This example would help understand consistent assignment.
Part4 Predicates and Quantifiers
Q1. Suppose that the domain of the propositional function 𝑃(𝑥) consists of -5, -3, -1, 1, 3,
and 5. Express these statements without using quantifiers, instead using only negations,
disjunctions, and conjunctions.
a) ∃𝑥𝑃(𝑥)
b) ∀𝑥𝑃(𝑥)
c) ∀𝑥((𝑥 ≠ 1) → 𝑃(𝑥))
d) ∃𝑥((𝑥 ≥ 0) ∧ 𝑃(𝑥))
e) ∃𝑥(¬𝑃(𝑥)) ∧ ∀𝑥((𝑥 < 0) ∧ 𝑃(𝑥))
Solution:
a) 𝑃(−5) ∨ 𝑃(−3) ∨ 𝑃(−1) ∨ 𝑃(1) ∨ 𝑃(3) ∨ 𝑃(5)
b) 𝑃(−5) ∧ 𝑃(−3) ∧ 𝑃(−1) ∧ 𝑃(1) ∧ 𝑃(3) ∧ 𝑃(5)
c) 𝑃(−5) ∧ 𝑃(−3) ∧ 𝑃(−1) ∧ 𝑃(3) ∧ 𝑃(5)
d) 𝑃(1) ∨ 𝑃(3) ∨ 𝑃(5)
e) (¬𝑃(−5) ∨ ¬𝑃(−3) ∨ ¬𝑃(−1) ∨ ¬𝑃(1) ∨ ¬𝑃(3) ∨ ¬𝑃(5)) ∧ (𝑃(−5) ∧ 𝑃(−3) ∧
𝑃(−1)), and this is equivalent to (¬𝑃(1) ∨ ¬𝑃(3) ∨ ¬𝑃(5)) ∧ (𝑃(−5) ∧ 𝑃(−3) ∧
𝑃(−1)).
This example shows how to understand the domain.
Q2. Show that ∀𝑥𝑃(𝑥) ∨ ∀𝑥𝑄(𝑥) and ∀𝑥(𝑃(𝑥) ∨ 𝑄 (𝑥)) are not logically equivalent.
Solution:
It is enough to find a counterexample. It is intuitively clear that the first proposition is
asserting much more than the second. It is saying that one of the two predicates, 𝑃 or 𝑄,
is universally true; whereas the second proposition is simply saying that for every 𝑥 either
𝑃(𝑥) or 𝑄(𝑥) holds, but which it is may well depend on 𝑥. As a simple counterexample,
let 𝑃(𝑥) be the statement that 𝑥 is odd, and let 𝑄(𝑥) be the statement that 𝑥 is even. Let
the domain of discourse be the positive integers. The second proposition is true, since
every positive integer is either odd or even. But the first proposition is false, since it is
neither the case that all positive integers are odd nor the case that all of them are even.

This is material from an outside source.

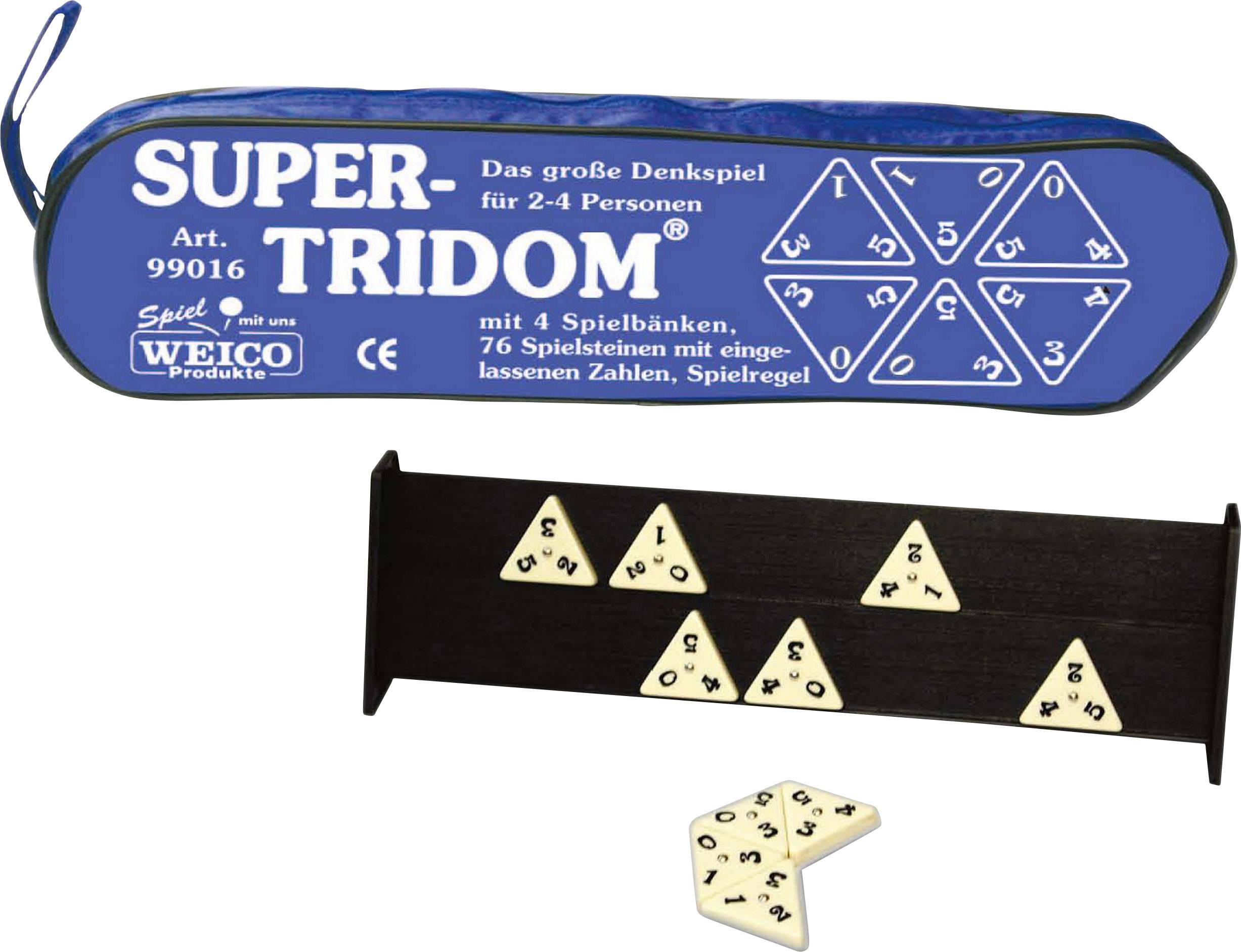 Super-Tridom mit 76 dreieckigen Spielsteinen fördert die Konzentration und das logische Denken. Das Spiel schafft Spannung und ist für Spieler aller Altersklassen geeignet. Es kann die ganze Familie gemeinsam beschäftigen; auch zu zweit gespielt kommt niemals Langeweile auf. Die Größe des Spiels und die praktische Verschlusstasche lassen dieses Spiel auch gerne zu einem Begleiter auf Reisen werden. Es führt Sie mit Freunden in aller Welt und an allen Plätzen zusammen! Wer Anlegespiele mag wird Super-Tridom lieben! Durch die dreiseitigen Anlegemöglichkeiten bietet es eine Vielzahl an Kombinationsmöglichkeiten. . In den 90er Jahren vorgestellt hat es sich unter unseren Markenspielen zum „Superklassiker“ entwickelt“.
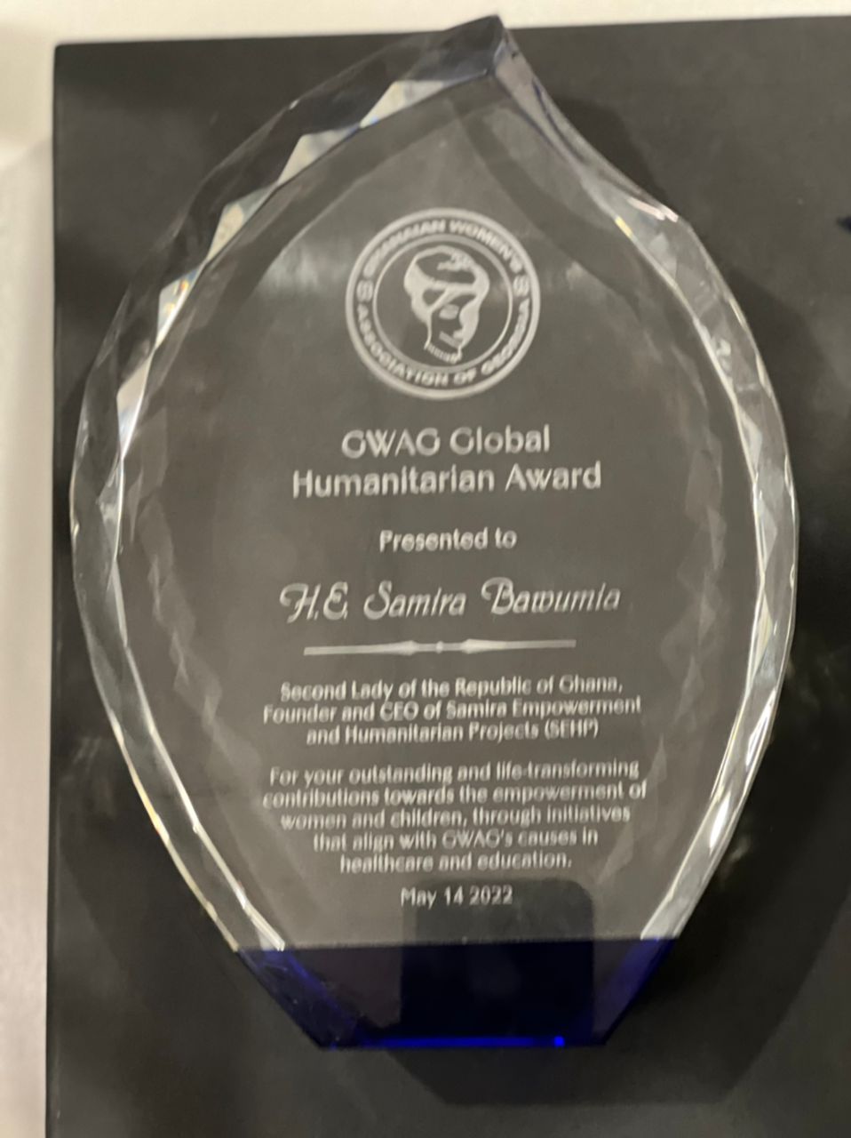 The award presented to Samira Bawumia, Second Lady of the Republic of Ghana

We need to be careful about which part should we apply the quantifiers.
Q3. Let 𝑄(𝑥, 𝑦) be the statement “𝑥 + 𝑦 = 𝑥 − 𝑦”. If the domain for both variables
consists of all integers, what are the truth values?
a) Q(1,1)
b) ∀𝑦𝑄(1, 𝑦)
c) ∃𝑥𝑄(𝑥, 2)
d) ∀𝑥∃𝑦𝑄(𝑥, 𝑦)
e) ∃𝑦∀𝑥𝑄(𝑥, 𝑦)
f) ∀𝑦∃𝑥𝑄(𝑥, 𝑦)
Solution:
a) False. 1 + 1 ≠ 1 − 1
b) False. E.g. when 𝑦 = 1,1 + 𝑦 ≠ 1 − 𝑦
c) False. 𝑥 + 2 ≠ 𝑥 − 2 has no solution
d) True. When 𝑦 = 0, this is true for each 𝑥.
e) True. We can take 𝑦 = 0
f) False. c) is a counterexample.
Q4. Rewrite each of these statements so that negations appear only within predicates
(that is, so that no negation is outside a quantifier or an expression involving logical
connectives).
a) ¬∃𝑦∃𝑥𝑃(𝑥, 𝑦)
b) ¬∃𝑦(𝑄 (𝑦) ∧ ∀𝑥¬𝑅(𝑥, 𝑦))
Solution:
Just apply the De Morgan’s Laws.
a) ∀𝑦∀𝑥¬𝑃(𝑥, 𝑦)
b) ∀𝑦(¬𝑄(𝑦) ∨ ∃𝑥𝑅 (𝑥, 𝑦))
Q5. Show that ∀𝑥𝑃(𝑥) ∨ ∀𝑥𝑄(𝑥) and ∀𝑥∀𝑦(𝑃(𝑥) ∨ 𝑄(𝑦)), where all quantifiers have
the same nonempty domain, are logically equivalent. (Compare this question with Q2 in
Section 1.4)
Solution:
We need to show that each of these propositions implies the other.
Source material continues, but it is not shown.